** MATERIAL PROVIDED follows **

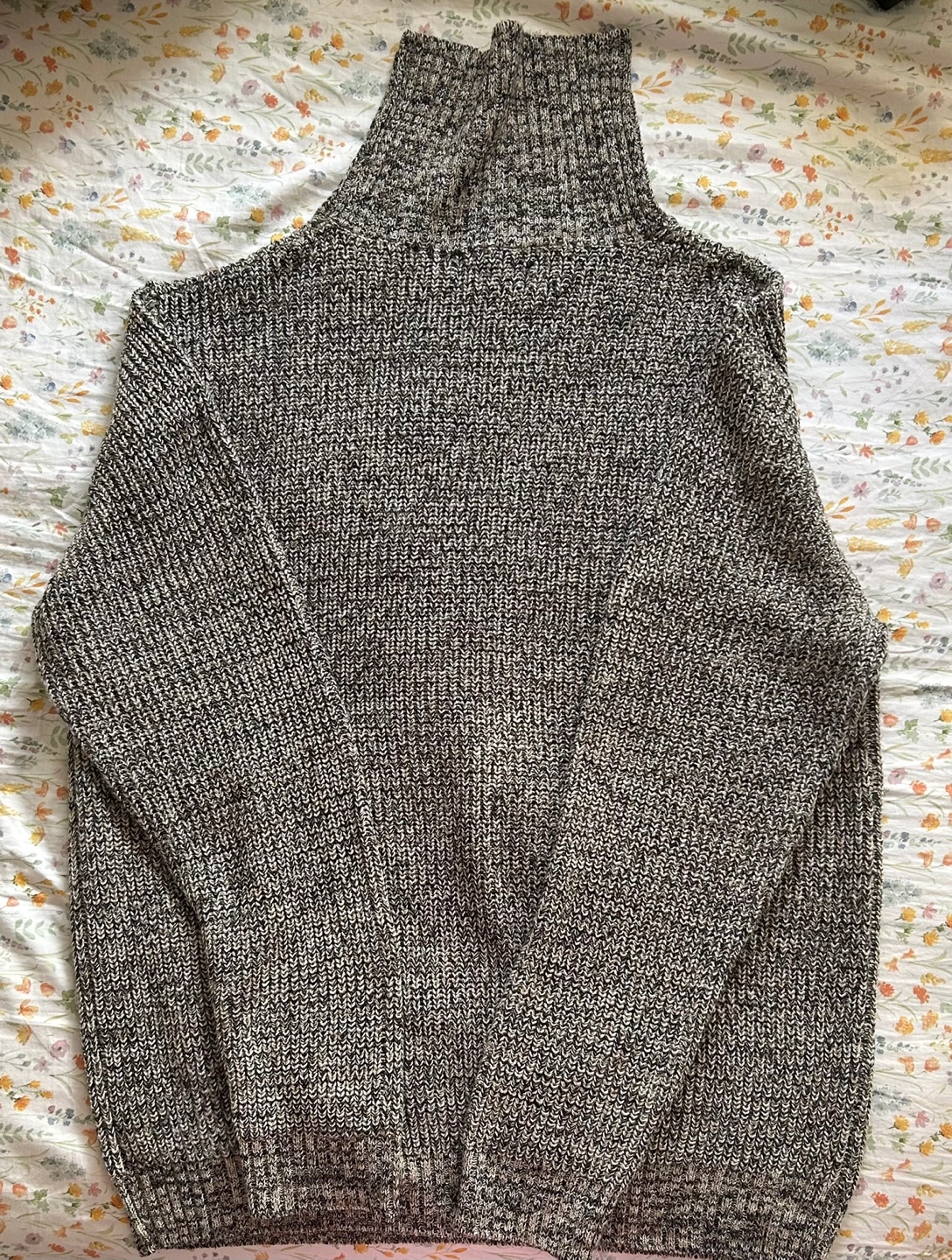 Grey and black speckled turtleneck sweater. Size XL. Long sleeves. Open shoulders. Cozy knit.
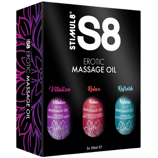 These rich S8 massage oils are a unique blend of 3 powerful oils: jojoba oil that soothes and strengthens the skin, almond oil for moisturizing and care and sesame oil which is highly nourishing and lubricating. This S8 oil is enriched with essential vitamins and minerals. After a good massage your skin will feel silky smooth and relaxed. This box includes 3 different scents: Omani Lime & Spicy Ginger, Green Tea & Lilac Blossom and French Plum & Egyptian Cotton.
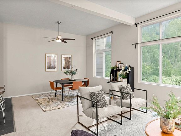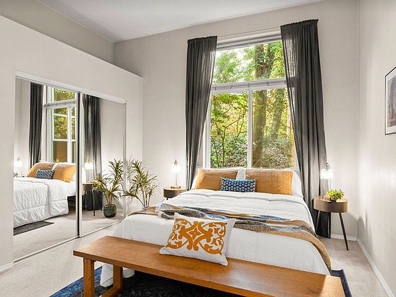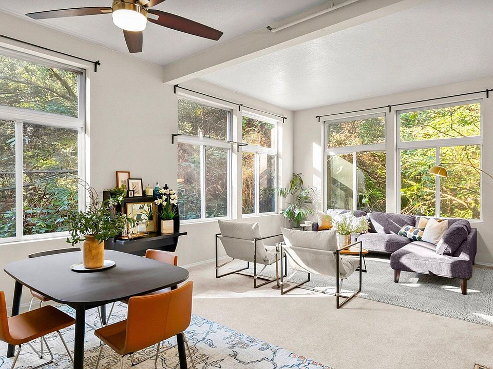 A quiet haven nestled in greenery but filled with light. 12ft ceilings and tall windows surround a huge living-dining space. Kitchen has breakfast bar with marble countertops. Two quiet bedrooms, each with their own private bathroom. Enormous rooftop deck with stunning views of the city and Mt St Helens. Washer and drier in unit.
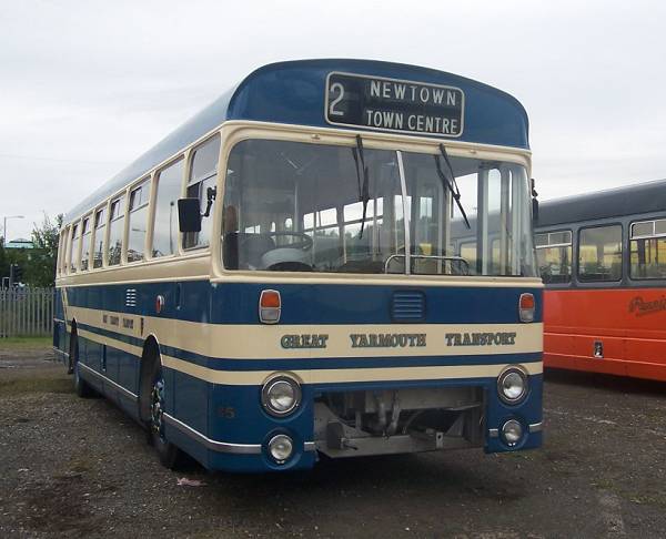 Great Yarmouth were keen AEC Swift buyers. Their last batch came in 1973 and had ECW bodywork based on the body for the Bristol RE. 85, WEX685M, is seen minus its front panel.

** End of MATERIAL PROVIDED **

▸ **EXERCISE PROMPT**
Restate each line of the material word for word, skipping any picture.

▸ **RESULT OF THIS TASK**
 Grey and black speckled turtleneck sweater. Size XL. Long sleeves. Open shoulders. Cozy knit.
 These rich S8 massage oils are a unique blend of 3 powerful oils: jojoba oil that soothes and strengthens the skin, almond oil for moisturizing and care and sesame oil which is highly nourishing and lubricating. This S8 oil is enriched with essential vitamins and minerals. After a good massage your skin will feel silky smooth and relaxed. This box includes 3 different scents: Omani Lime & Spicy Ginger, Green Tea & Lilac Blossom and French Plum & Egyptian Cotton.
 A quiet haven nestled in greenery but filled with light. 12ft ceilings and tall windows surround a huge living-dining space. Kitchen has breakfast bar with marble countertops. Two quiet bedrooms, each with their own private bathroom. Enormous rooftop deck with stunning views of the city and Mt St Helens. Washer and drier in unit.
 Great Yarmouth were keen AEC Swift buyers. Their last batch came in 1973 and had ECW bodywork based on the body for the Bristol RE. 85, WEX685M, is seen minus its front panel.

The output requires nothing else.